He added that the passage of time since the affair had leeched the action of any significance. “The Sebi order carries no meaning for us. It’s a nearly ten-year-old, trivial matter, and has lost all relevance now”. Sebi had in February last year barred Sharma for synchronised trading and other malpractices in 2001 in shares of 10 companies — Global Telesystems, HFCL, DSQ Software, Zee Telefilms, Wipro Technologies, Satyam Computer, MTNL, SBI, Infosys, and Sterlite Opticals.

Synchronised trading is a form of stock manipulation when someone buys and sells the same stock around the same time to increase the volume.

Sebi said Sharma had carried out trades in his proprietary account through broker Bang Equity Broking, which synchronised with the orders placed by Vrudhi Confinvest, a company owned by Sharma and his wife Devina Mehra.

SAT had in February upheld the Sebi order barring Sharma.
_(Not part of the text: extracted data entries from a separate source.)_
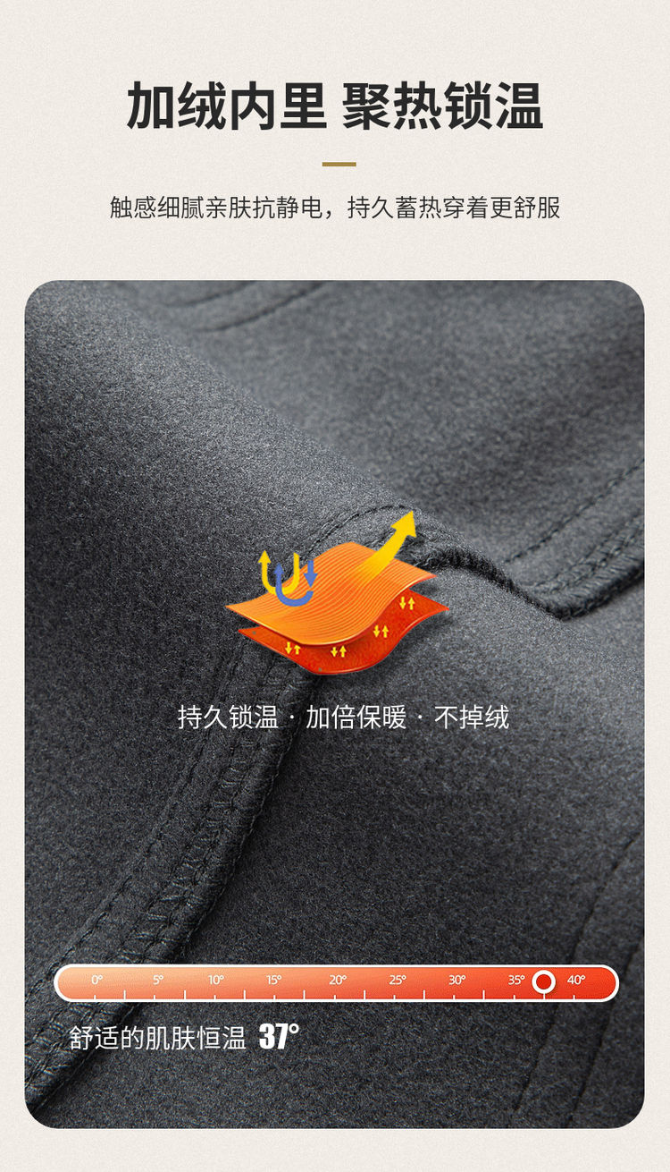 圣得西冬季款男士抗菌远红外传热加绒加厚弹力商务休闲裤2362915715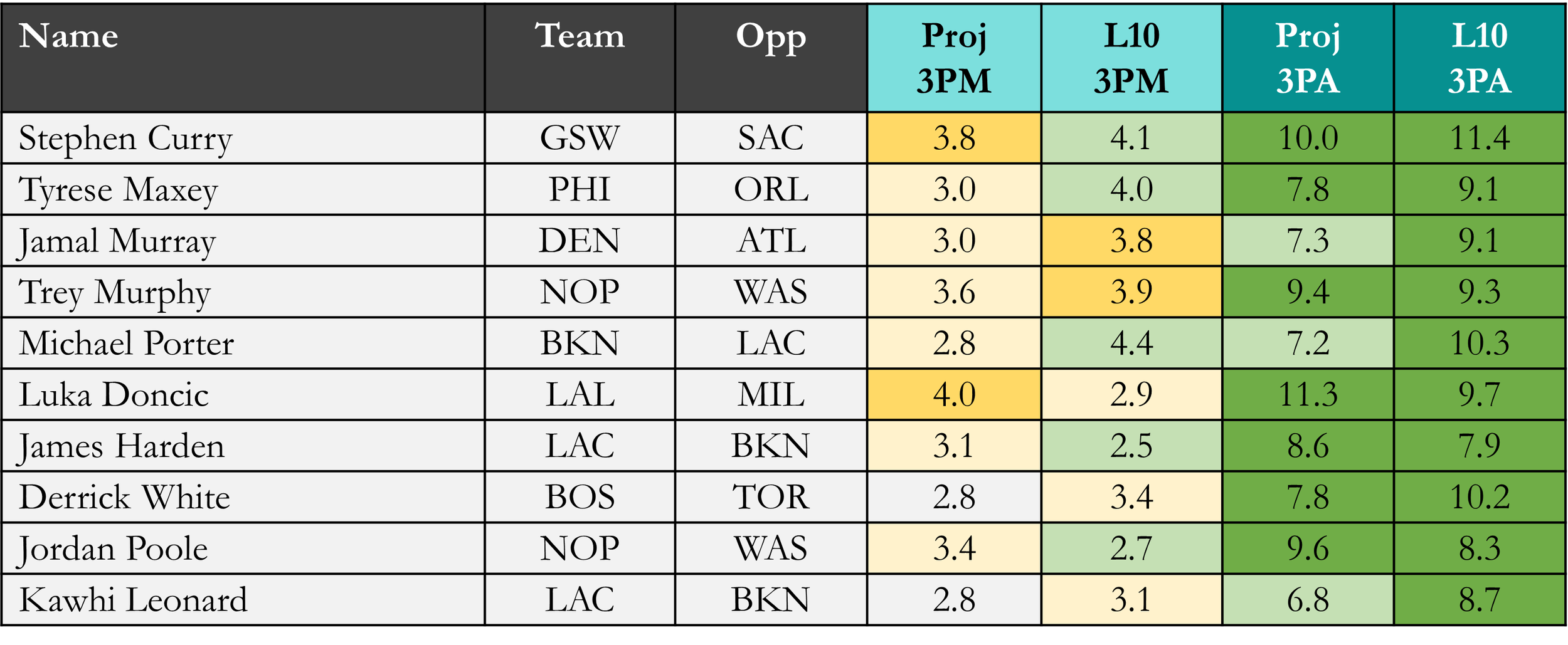 Projected 3PM & 3PA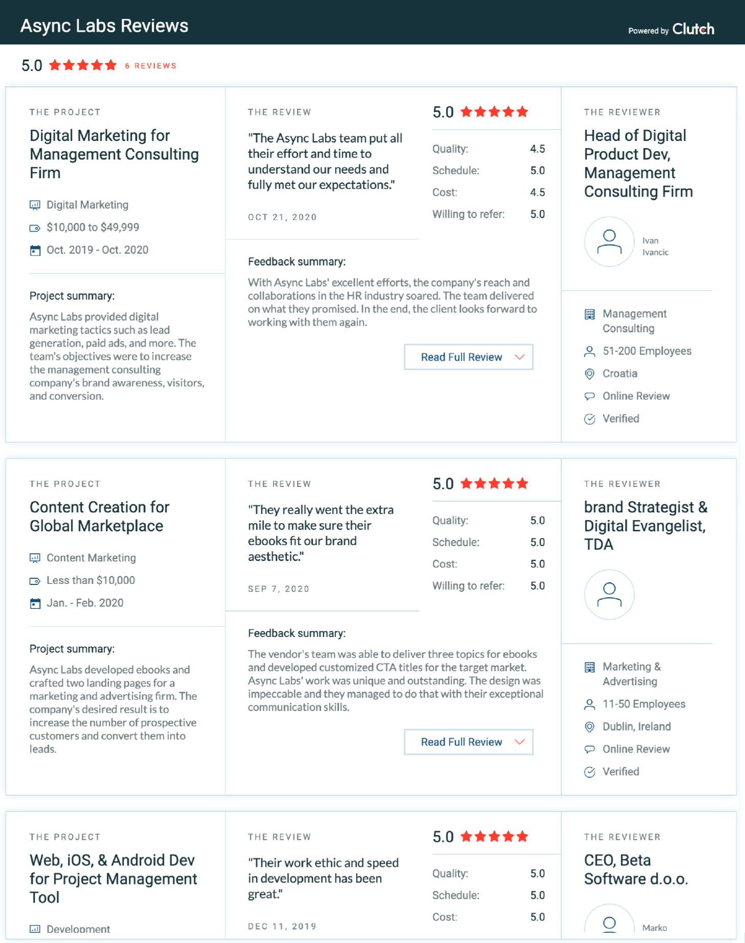 Our clients know how important a good reputation is. They always willingly rate our work and leave us their reviews. Thanks to positive reviews and ratings from our clients, the world’s preeminent ratings and reviews platform Clutch recognized us as one of the best Croatian software development agencies. We also proudly hold the Clutch award for one of the world's top companies in 2020.

Subsequently Sharma filed an appeal in the Supreme Court and a review petition with SAT citing errors in the records and arguments in its order.

While the appeal in the Supreme Court turned down the appeal earlier this year, SAT has now dismissed the review petition.

During the case, the counsel for Sharma had argued that the action against him was part of a ‘witch hunt’ initiated after Tehelka exposed corruption in defense dealings in 2001. The scandal had severe political repercussions with the defence minister George Fernandes resigning because of it, although he was later reinstated.

Sharma held a 14.5% stake in Buffalo Networks, the owner of Tehelka.

The tribunal dismissed the allegation suggesting that gathering of evidence had started before the Tehelka scam broke out.
Meanwhile, Sebi had also denied foreign institutional investor status to First Global UK saying that the order against Sharma, who is director on the company’s board, makes the organisation unfit for registration.